● **Source records**:
[Start of section]

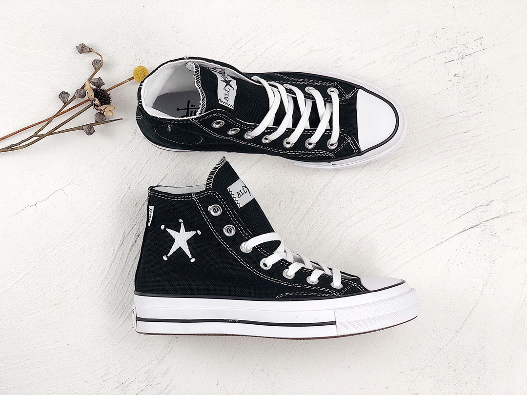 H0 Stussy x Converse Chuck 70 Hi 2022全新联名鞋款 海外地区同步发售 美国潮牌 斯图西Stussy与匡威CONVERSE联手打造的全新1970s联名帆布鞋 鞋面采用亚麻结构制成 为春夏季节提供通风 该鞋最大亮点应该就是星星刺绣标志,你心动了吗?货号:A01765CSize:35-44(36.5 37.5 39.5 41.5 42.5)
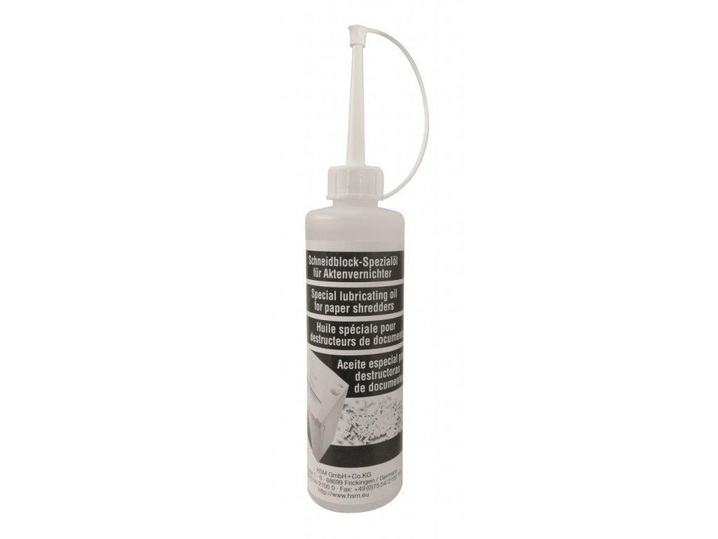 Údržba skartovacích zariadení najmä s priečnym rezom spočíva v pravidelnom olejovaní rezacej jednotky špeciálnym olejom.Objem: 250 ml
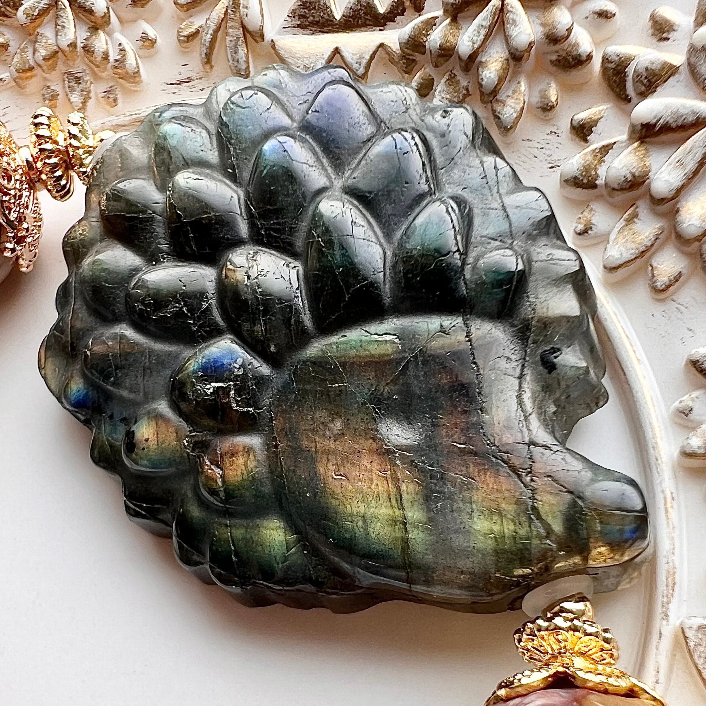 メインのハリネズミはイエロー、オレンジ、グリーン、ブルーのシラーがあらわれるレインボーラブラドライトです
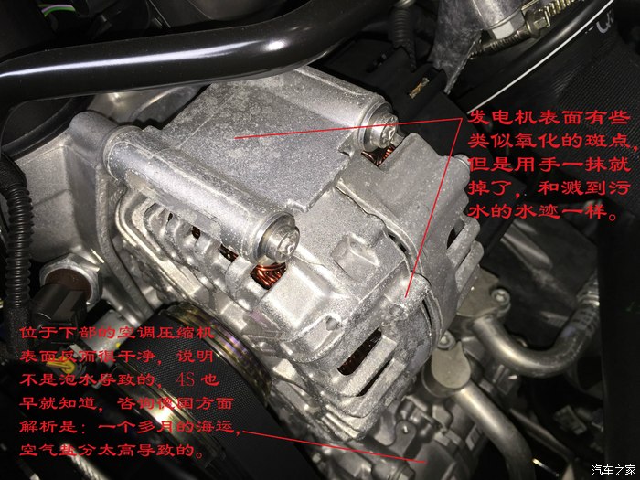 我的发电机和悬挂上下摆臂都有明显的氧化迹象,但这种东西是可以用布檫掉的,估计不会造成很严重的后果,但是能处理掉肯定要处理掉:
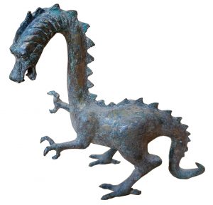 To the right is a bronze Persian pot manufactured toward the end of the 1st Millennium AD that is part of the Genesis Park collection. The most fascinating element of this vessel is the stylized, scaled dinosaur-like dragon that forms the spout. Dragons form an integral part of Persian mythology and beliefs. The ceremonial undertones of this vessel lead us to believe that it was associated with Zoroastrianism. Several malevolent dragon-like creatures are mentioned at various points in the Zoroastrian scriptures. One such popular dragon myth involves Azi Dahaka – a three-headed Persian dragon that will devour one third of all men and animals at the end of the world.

[End of section]

● **Aim of the task**:
I would like you to set down the lines above, from the one containing "メインのハリネズミはイエロー" to the final line, exactly as written and without pictures.

● **Reply**:
 メインのハリネズミはイエロー、オレンジ、グリーン、ブルーのシラーがあらわれるレインボーラブラドライトです
 我的发电机和悬挂上下摆臂都有明显的氧化迹象,但这种东西是可以用布檫掉的,估计不会造成很严重的后果,但是能处理掉肯定要处理掉:
 To the right is a bronze Persian pot manufactured toward the end of the 1st Millennium AD that is part of the Genesis Park collection. The most fascinating element of this vessel is the stylized, scaled dinosaur-like dragon that forms the spout. Dragons form an integral part of Persian mythology and beliefs. The ceremonial undertones of this vessel lead us to believe that it was associated with Zoroastrianism. Several malevolent dragon-like creatures are mentioned at various points in the Zoroastrian scriptures. One such popular dragon myth involves Azi Dahaka – a three-headed Persian dragon that will devour one third of all men and animals at the end of the world.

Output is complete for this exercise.